One
thing you have to say for Donald Trump—he’s spontaneous. He’s a far cry from
the standard carefully scripted politician. You often hear from his supporters
that “he tells it like it is.” Well, no, actually, he hardly ever tells it like
it is. He almost invariably tells it like it isn’t. But he does it in a
refreshingly carefree, spontaneous, unrehearsed sort of way, often on
Twitter, and he mixes his messages with such wild randomness, accusing Barack
Obama of tapping his phones one tweet and mocking Arnold Schwarzenegger’s Apprentice ratings the next, it’s pretty
obvious you’re getting the raw, uncensored version of what’s going on in his
astonishingly childish mind. That uncalculated, spontaneous “Here I am, what
you see is what you get, take me or leave me” quality, in such sharp contrast
to the standard politician’s prepackaging on such predictable display with
Hillary Clinton, accounts for much of the charm he worked on the people who
voted for him. It’s refreshing and entertaining and dangerous.
What
we see and what we have gotten with Donald Trump is a grown man with the
emotions of a ten-year-old, the interests of a bored housewife and the moral
compass of a carnival barker. This is a man who took to Twitter eight times
over the span of a month in 2012 to weigh in on the subject of Kristin
Stewart’s love life. There’s an almost endearingly unpretentious quality to
that behavior. It shows that in one sense at least he is in fact a man of the
people. He doesn’t just feed the common low-brow American obsession with the
personal foibles of celebrities, he shares it. Lots of us have flipped
through People or Us at the dentist’s office and glanced
at the gossip, but who actually goes to the trouble of tweeting about
it? What a regular irregular guy.
Part
of the problem with Donald Trump’s spontaneity is that he is now in a position
to initiate a nuclear war. That is not something that should be done
spontaneously. Trump is still the featured attraction on a reality show.

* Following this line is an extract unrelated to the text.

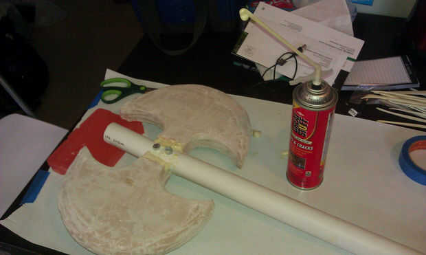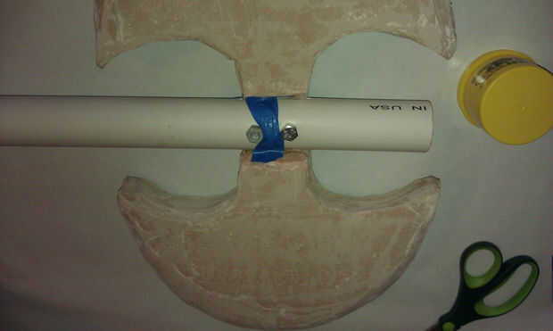 2. Aunque se atornillan, el cabeza de hacha puede todavía cambiar alrededor un poco. Para estabilizarlo más, rellenar las piezas de PVC alrededor de la cuchilla con espuma de grandes cosas. Tenga en cuenta que se expande la espuma, así que asegúrese de dejar espacio para que lo hagan. Si te mueves rápidamente, debe ser capaz de limpiar extra antes de que se seque.
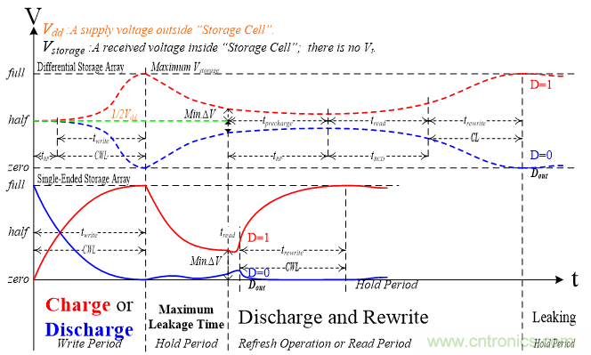 如果說3T DRAM是第一代DRAM技術(shù),使用差動放大器實(shí)現(xiàn)讀取功能的1T DRAM是第二代DRAM,那么在本文中的第三代DRAM技術(shù)是指取代差動放大器且大幅提升讀取功能的存取技術(shù)。1T DRAM的內(nèi)存基本單位是由一晶體管和一電容器所組成的儲存單元,又稱為1T DRAM單元。圖3顯示在單一儲存單元上進(jìn)行存取操作的波形,上半部分是使用差動放大器的第二代技術(shù),下半部分是第三代技術(shù),此圖主要用于比較這二者完成讀取操作所需花費(fèi)的最長時間。當(dāng)這一電容器的儲存電壓(Vstorage)放電達(dá)到最小差異電壓(Min. ?V)時就必須立即進(jìn)行更新操作(即讀取),所以此圖呈現(xiàn)有關(guān)讀取操作的最長時間就等于是更新操作的最長時間。圖中標(biāo)示有tprecharge、tread、trewrite、twrite,這些技術(shù)用語依序?qū)?yīng)產(chǎn)品規(guī)格的tRP、tRCD、CL與CWL。第三代技術(shù)無需tRP,除此之外,tRCD也很短暫且可由CWL替換CL,因此訪問速度接近SRAM,存取效率低于SRAM。

Only now the reality is that a profoundly disturbed, emotionally retarded
egomaniac is the most powerful person on the planet and capable of destroying
it. His presidency is a freak show. It’s a thrill-a-minute roller coaster ride.
It’s funny and dramatic and great entertainment unless perhaps you’re a member of
a minority group fearing for your life amid the racist hatred his ascent has
unleashed in our country, or a child of undocumented immigrants fearing
deportation, or perhaps a rancher in Kansas whose cattle just got incinerated
in a giant wildfire while the climate denier you voted for was busy trying to
gut the EPA.
Just
exactly what price the rest of us pay to watch Trump’s tour de farce as a
President Geek figuratively biting off the heads of live chickens remains to be seen. For
now, for most of us, it seems like a morbidly fascinating comic horror show,
and forty years from now those of us who last that long may look back on it
fondly for its sheer entertainment value. But the power of the presidency is no
joke. Putting it in the hands of a spontaneous buffoon may prove to have been
the opening act of a solemn and in retrospect depressingly predictable tragedy.